Ann Dent. 1991 Winter;50(2):18-21.
Dentin dysplasia is a rare developmental disturbance of dentin affecting approximately 1:100,000 people. It has been classified as an autosomal dominant disease. Two distinct forms of dentin dysplasia have been described. As more cases of dentin dysplasia were reported these categories seemed inadequate; subclassification of type I dentin dysplasia were proposed based on root length and the presence or not of a pulpal remnant. This paper presents two cases demonstrating the classic features of type I dentin dysplasia in the mixed and permanent dentitions and discusses the suggested subclassifications. The authors suggest that while differences in root length may be useful in determining treatment options, thinking of these variables as separate types of dentin dysplasia is not warranted at this time. Justification of a subcategory of type I dentin dysplasia should be based on a different disease process, different histology, significantly different symptoms, or different etiologies, and until researchers can clearly prove from a genetic or chromosomal standpoint that the subcategories are separate entities, we should accept, as we do for many other genetic disorders, that some patients are more severely affected than others.

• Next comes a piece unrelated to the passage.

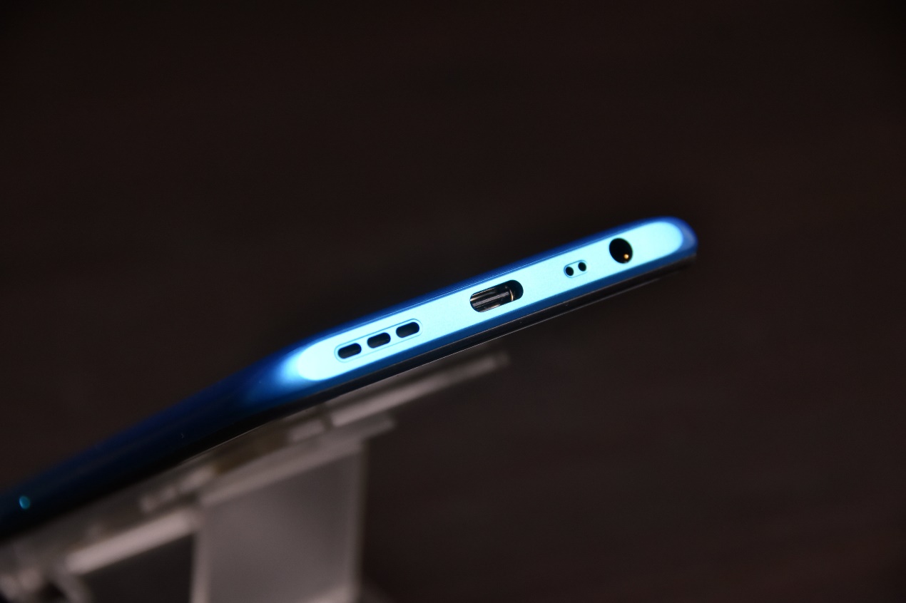 机身右侧是音量调节按键和电源按键,机身底部分别是:独立扬声器、Type-C数据充电口、通话麦克风、3.5毫米耳机孔。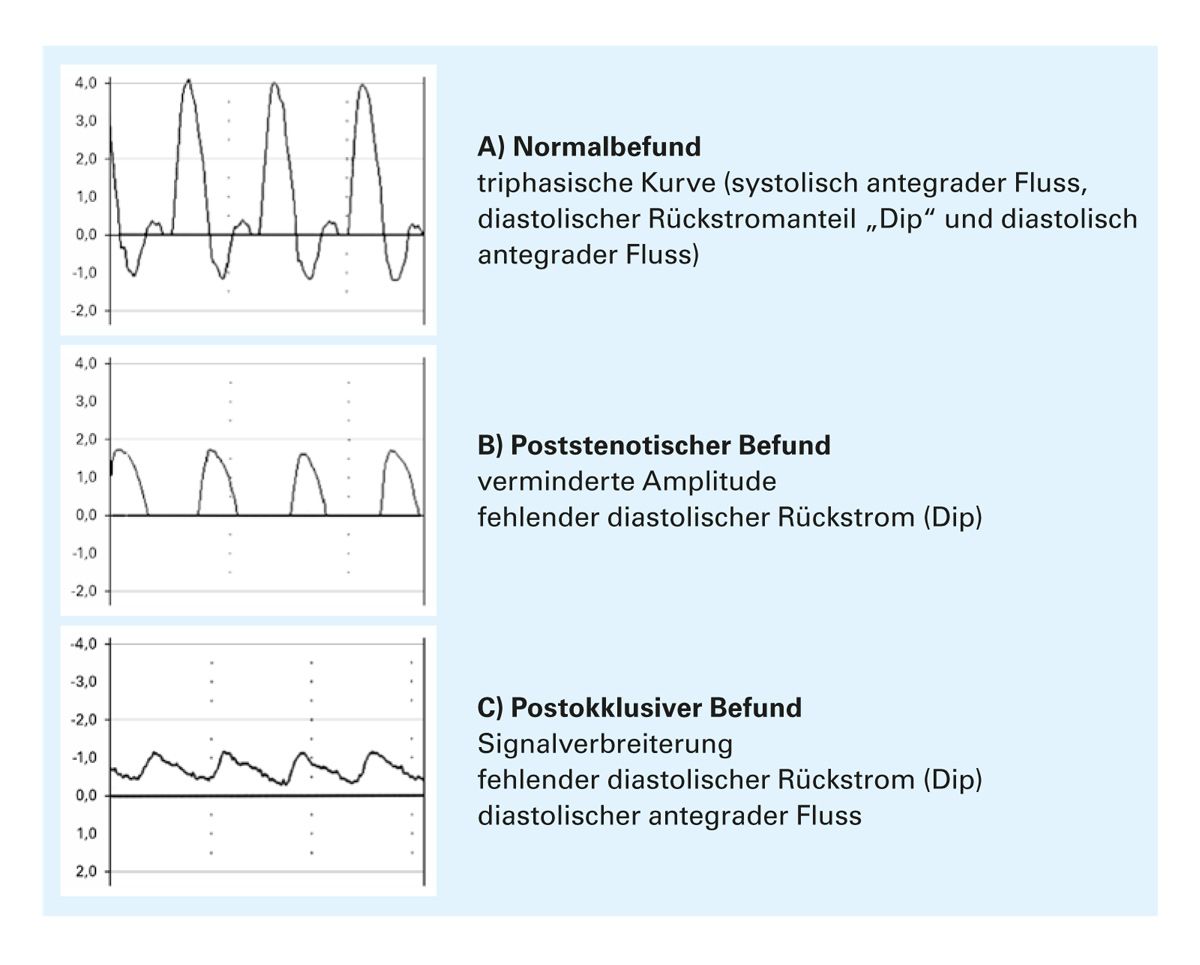 Die farbkodierte Duplexsonografie ist der Goldstandard in der nicht-invasiven Gefäßdiagnostik beider Systeme. Venensonografie (Kompressionsultraschall, DopplerFlusskurven) erlaubt den Nachweis von Venenklappeninsuffizienzen (Reflux in V. saphena magna/parva bei Varikose, Insuffizienz der tiefen Venen bei postthrombotischem Syndrom) sowie von venösen Thrombosen. Arterielle Duplexsonografie detektiert Stenosen/Verschlüsse in den Extremitätenarterien und bewertet hämodynamisch (Strömungsgeschwindigkeit, Kollateralen). Als wertvoller zusätzlicher Parameter erweist sich die Mitbeurteilung des Dopplerfrequenzspektrums [7] (Abb. 2).

牙本质发育异常是一种罕见的牙本质发育障碍疾病,发病率约为1:100,000。它被归类为常染色体显性疾病。目前已描述了两种不同类型的牙本质发育异常。随着更多牙本质发育异常病例的报道,这些分类似乎并不完善;基于牙根长度以及牙髓残留情况,对I型牙本质发育异常进行了进一步的分类。本文报告了两例病例,展示了混合牙列和恒牙列中I型牙本质发育异常的典型特征,并讨论了建议的分类。作者认为,虽然牙根长度的差异可能有助于确定治疗方案,但目前将这些变量视为不同类型的牙本质发育异常是不合理的。I型牙本质发育异常亚类的划分应基于不同的疾病过程、不同的组织学、显著不同的症状或不同的病因,在研究人员能够从基因或染色体角度明确证明这些亚类是独立的实体之前,我们应该像对待许多其他遗传疾病一样接受,即有些患者的病情比其他患者更严重。